Back in October of 2011, John and I presented at an art conference at the Art Gallery of Windsor on the topic of community and collaboration. We spoke about our work with Labspace Studio, our experiential projects, exhibitions, and more specifically, our approach to art making & art curation (for us, these two are often intimately entwined).
The next day we received an email from Sharon Switzer, Curator & Programmer for Art 4 Commuters, an organization that programs video-based projects over the hundreds of digital monitors in Toronto’s subway system. We hadn’t met Sharon before, but we were familiar with her programming. We knew that she often worked with larger, more established organizations like the Contact Festival and TIFF, so we were surprised (and flattered) when she asked us to meet and discuss a potential art commission.
After that first initial meeting with Sharon, we were tasked to come up with an idea for her 2012 programming. It was a complete carte blanche (the best thing you can ask for as an artist and curator.) John and I reflected on the project for a good month. Our greatest concern was how to fully utilize those video monitors to provoke maximum engagement and conversation. We threw lots of ideas out there, threw lots in the trash, then pulled some back and re-worked them, until we came up with an idea (an experiment) that scared the shit out of us, so much so that it was unanimous…..
The concept was pretty simple: build a confession booth with a video camera, take it to different street corners, in different cities, and solicit on-camera confessions from complete strangers, confessions they’d be willing to let us broadcast to the millions of people riding through Toronto’s subway system. Simple right?

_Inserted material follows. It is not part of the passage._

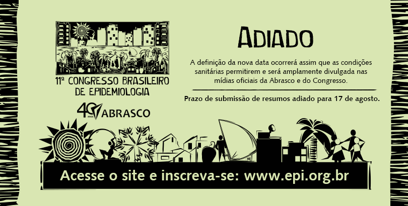 Diante da necessidade de proteger a saúde de todas e de todos os envolvidos na realização do 11º Congresso Brasileiro de Epidemiologia, a Comissão Organizadora do Congresso e a Diretoria da Associação Brasileira de Saúde Coletiva (Abrasco) informam o adiamento do evento, que ocorreria entre os dias 14 e 18 de novembro, em Fortaleza, CE.

I am still dumfounded by how we did it all. Producing it has been emotional (to say the least), messy, frantic at times, but ultimately rewarding, and incredibly surprising. People amaze me. The idea that two strangers like John and I can convince other strangers (over 100 of them) to give-up something personal about themselves, something intimate, something real, for the sake of art, is a pretty wild thing. Maybe if we had never called it “art” we would have never received the confessions we did? I’ve often wondered about that throughout this process; if calling something “art” somehow makes a project more purposeful or tangible or credible?
The media has asked us this question a few times: “So guys, um, what makes this project art?” I can tell when they ask it that they assume they’re asking something offensive, but I think it’s a valid question. It’s a good question. Personally, I think it’s a huge compliment that the Toronto Star and the Globe & Mail reviewed Confessions Underground in their Life section, as opposed to their Art section. People are genuinely talking about this project, not just art snobs or art-minded people, but inane morning show hosts, reporters on the 6pm news, families over the dinner table. People are genuinely debating its merits, which I think is an indicator that we’ve done something successful. I’d like to think that we’re prompting people to think about their own boundaries, about public space, about the purpose of art in general. Ultimately, our objective is not to create “Art” with a capital “A” but to create work that affects people, connects people, embraces disciplines and philosophies, communicates something meaningful from one human being to the next, and blurs the boundaries between art and life in intricate and elusive ways.
Is Confessions Underground art? Honestly, does it matter? Will it make you feel better if I tell you it is? Would the project be any less significant if I said it wasn’t? I think these are more compelling questions.